━━━━━ Data for analysis ━━━━━
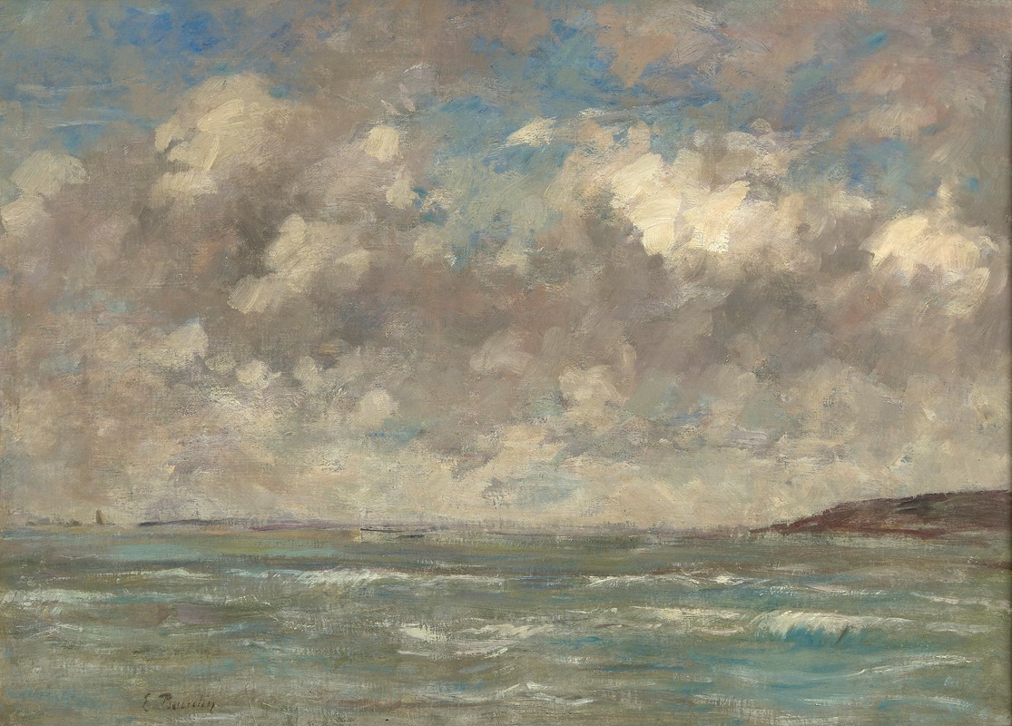 This painting is part of Boudin's extensive series of works focusing on the skies and waterways of northern France. Le Havre, a bustling port city located at the mouth of the Seine River, was a frequent subject in Boudin's oeuvre. The estuary's expansive skies and ever-changing weather conditions provided an ideal setting for his exploration of light and color. In Le Havre, ciel sur l’estuaire, Boudin's characteristic attention to atmospheric effects is evident, with the sky dominating much of the composition. The interplay of clouds, light, and reflections on the water captures the ephemeral beauty of the natural world.
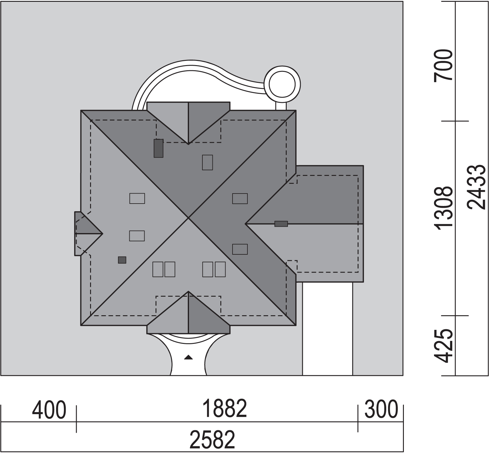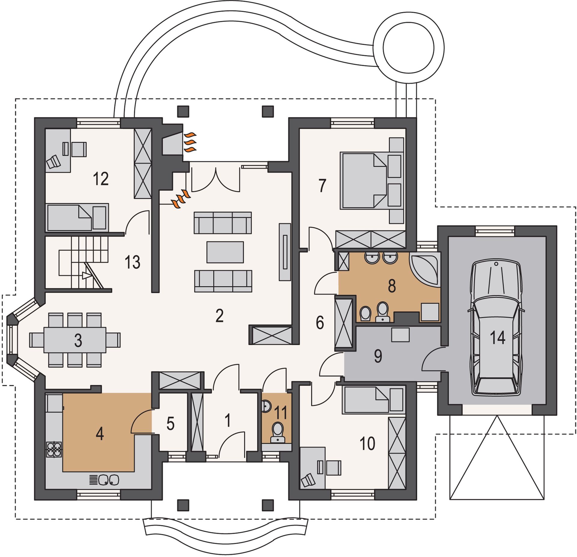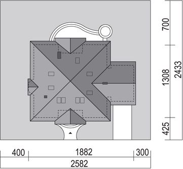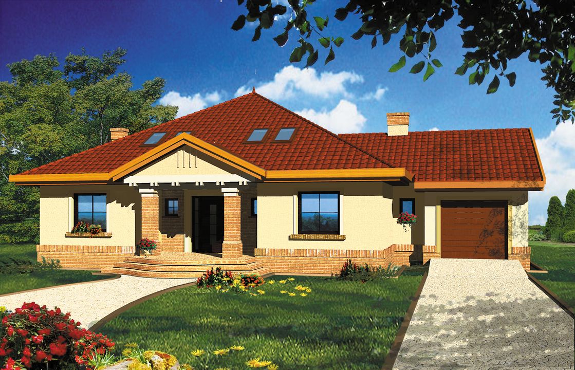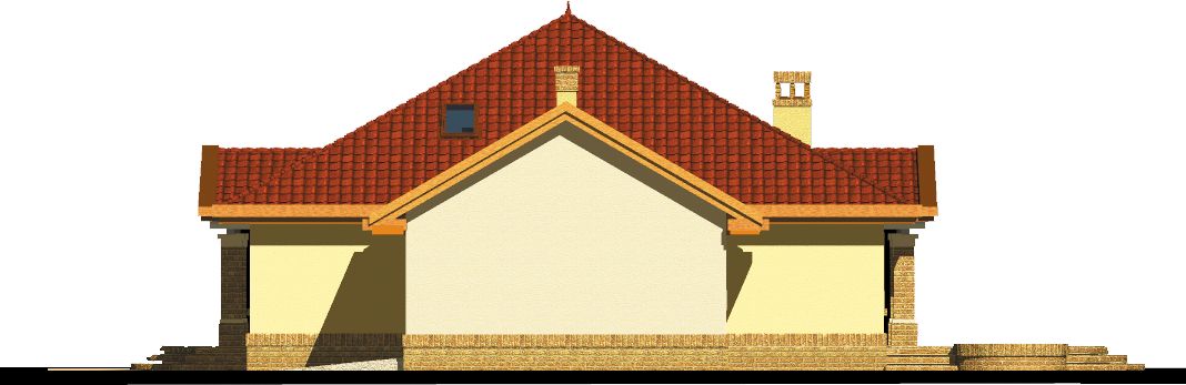 Graficzne opracowanie rzutów poglądowych widocznych na karcie projektu zostało wykonane przez Extradom.pl. Prezentowane przez Extradom.pl wizualizacje wykonane zostały przez autora projektu i należy poczytywać je jedynie za przykład i propozycję wykończenia, wizję architektoniczną autora projektu. Ostateczne wykończenie budynku może nastąpić na wiele sposobów. Szczegółowe rozwiązania zastosowane w oferowanej dokumentacji - w tym również ilość, lokalizacje i wygląd okien, drzwi, kominów - mogą w niewielkim stopniu różnić się od prezentowanej wizualizacji budynku.
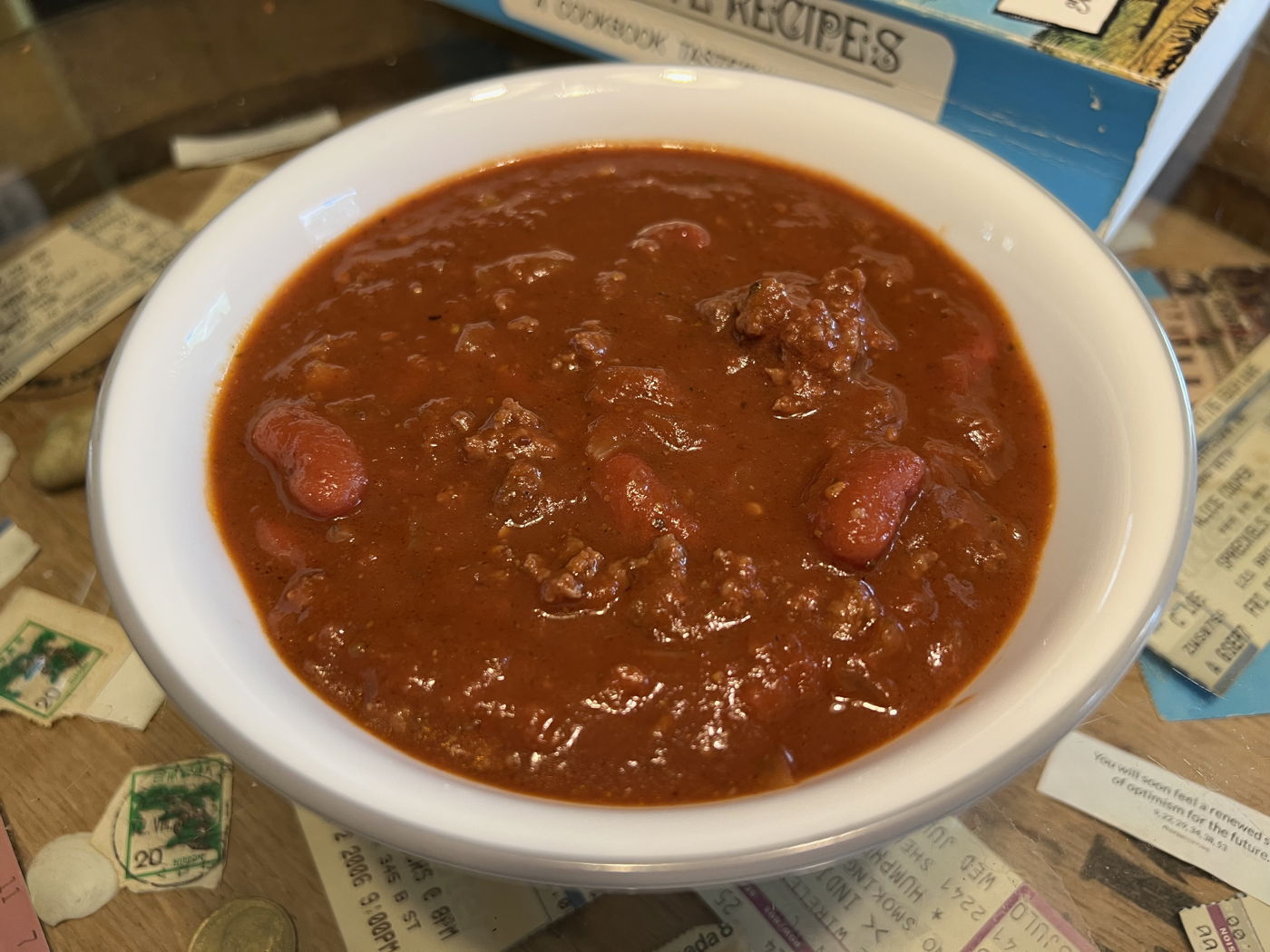 While traveling in Michigan I picked up a tome, a 1980 collection of Favorite Recipes “from active and retired Michigan Bell employees and friends”. This thing is giant, which is to be expected since its community technically covers the entire state. It’s filled with great Michigan recipes, but my favorite has to be the Chili. It’s made with unsweetened chocolate, and while the recipe calls for the bar kind, I discovered that using powdered makes for a remarkably thick and smoky chili.
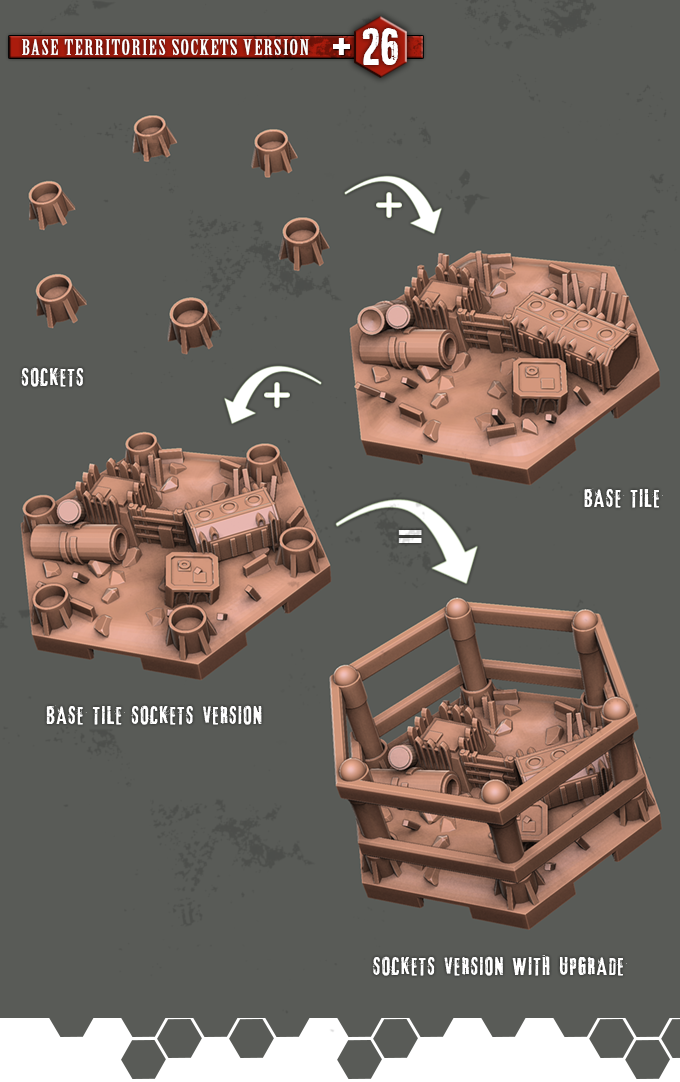 - Each Tile also have 6 carved holes at the back allowing to connect „Upgrades“ . Upgrades comes in 3 Sizes and allow to build stages and rise your Hive. (Tier2)
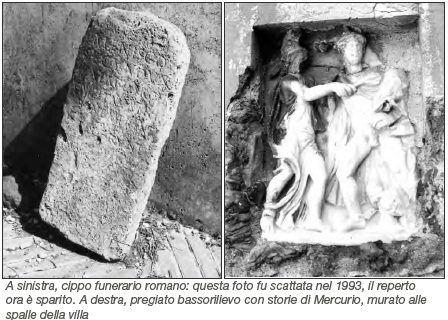 I Sergardi, si legge ancora nella scheda redatta dal Comune, per ragioni di difesa fecero anche costruire sotto il parco, che si trova alle spalle dell’edificio, dei cunicoli che riportarono alla luce i resti di una villa romana del I secolo d.C. Lo scavo restituì diversi marmi lavorati che, insieme ad altri raccolti in zona, furono posti ad ornamento della villa e del parco. Oggi è rimasto solo un pregevole bassorilievo rappresentante storie di Mercurio, murato sul retro della villa, mentre tutti gli altri reperti, tranne alcuni che erano stati trasferiti a Siena dagli antichi proprietari, sono “spariti”. Noi stessi fotografammo nel 1991 un cippo funerario oggi scomparso.
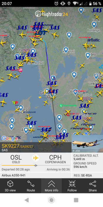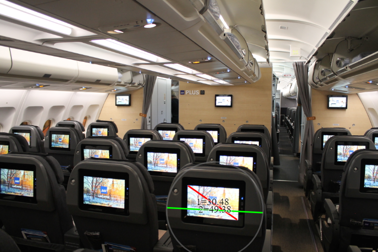 Roade mig med att mäta lite på plus-kabinen på A350 vs. A330. Givet en känd IFE-storlek på 13.3 inches för A350 (33.78 cm) och 12 inches för A330 (30.48 cm) kan man, lite snabbt, få en approximativ stolsbredd i de två planen. Skillnaden mellan de två planen (med hyfsat stora mätosäkerheter) blev 8 mm i A330 fördel (se bilderna nedan, första bilden A350, andra bilen A330). Men bilden från A350n är något mer lutad, vilket bör ge en lite konservativ bedömning av avståndet, rent trigonometriskt.
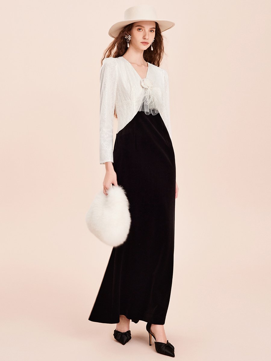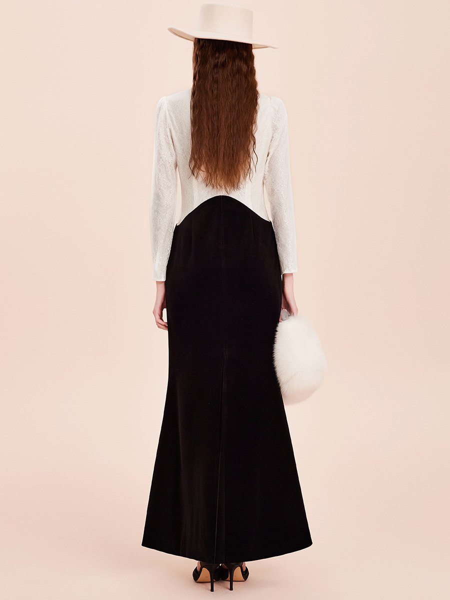 丝绒拼接蕾丝鱼尾裙连衣裙
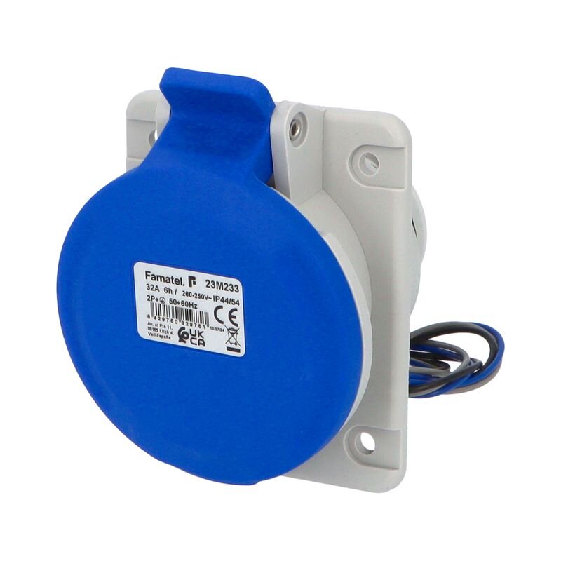 Zásuvka vestavná 23M233 IP44-54/230V/32A/3P 6h, šikmá 10°, mikrospínač - SpeedPRO. Příruba 75x85 mm.
━━━━━
Give back all entries exactly. No pictures belong in the copy.

▸ **Answer**:
 This painting is part of Boudin's extensive series of works focusing on the skies and waterways of northern France. Le Havre, a bustling port city located at the mouth of the Seine River, was a frequent subject in Boudin's oeuvre. The estuary's expansive skies and ever-changing weather conditions provided an ideal setting for his exploration of light and color. In Le Havre, ciel sur l’estuaire, Boudin's characteristic attention to atmospheric effects is evident, with the sky dominating much of the composition. The interplay of clouds, light, and reflections on the water captures the ephemeral beauty of the natural world.
 Graficzne opracowanie rzutów poglądowych widocznych na karcie projektu zostało wykonane przez Extradom.pl. Prezentowane przez Extradom.pl wizualizacje wykonane zostały przez autora projektu i należy poczytywać je jedynie za przykład i propozycję wykończenia, wizję architektoniczną autora projektu. Ostateczne wykończenie budynku może nastąpić na wiele sposobów. Szczegółowe rozwiązania zastosowane w oferowanej dokumentacji - w tym również ilość, lokalizacje i wygląd okien, drzwi, kominów - mogą w niewielkim stopniu różnić się od prezentowanej wizualizacji budynku.
 While traveling in Michigan I picked up a tome, a 1980 collection of Favorite Recipes “from active and retired Michigan Bell employees and friends”. This thing is giant, which is to be expected since its community technically covers the entire state. It’s filled with great Michigan recipes, but my favorite has to be the Chili. It’s made with unsweetened chocolate, and while the recipe calls for the bar kind, I discovered that using powdered makes for a remarkably thick and smoky chili.
 - Each Tile also have 6 carved holes at the back allowing to connect „Upgrades“ . Upgrades comes in 3 Sizes and allow to build stages and rise your Hive. (Tier2)
 I Sergardi, si legge ancora nella scheda redatta dal Comune, per ragioni di difesa fecero anche costruire sotto il parco, che si trova alle spalle dell’edificio, dei cunicoli che riportarono alla luce i resti di una villa romana del I secolo d.C. Lo scavo restituì diversi marmi lavorati che, insieme ad altri raccolti in zona, furono posti ad ornamento della villa e del parco. Oggi è rimasto solo un pregevole bassorilievo rappresentante storie di Mercurio, murato sul retro della villa, mentre tutti gli altri reperti, tranne alcuni che erano stati trasferiti a Siena dagli antichi proprietari, sono “spariti”. Noi stessi fotografammo nel 1991 un cippo funerario oggi scomparso.
 Roade mig med att mäta lite på plus-kabinen på A350 vs. A330. Givet en känd IFE-storlek på 13.3 inches för A350 (33.78 cm) och 12 inches för A330 (30.48 cm) kan man, lite snabbt, få en approximativ stolsbredd i de två planen. Skillnaden mellan de två planen (med hyfsat stora mätosäkerheter) blev 8 mm i A330 fördel (se bilderna nedan, första bilden A350, andra bilen A330). Men bilden från A350n är något mer lutad, vilket bör ge en lite konservativ bedömning av avståndet, rent trigonometriskt.
 丝绒拼接蕾丝鱼尾裙连衣裙
 Zásuvka vestavná 23M233 IP44-54/230V/32A/3P 6h, šikmá 10°, mikrospínač - SpeedPRO. Příruba 75x85 mm.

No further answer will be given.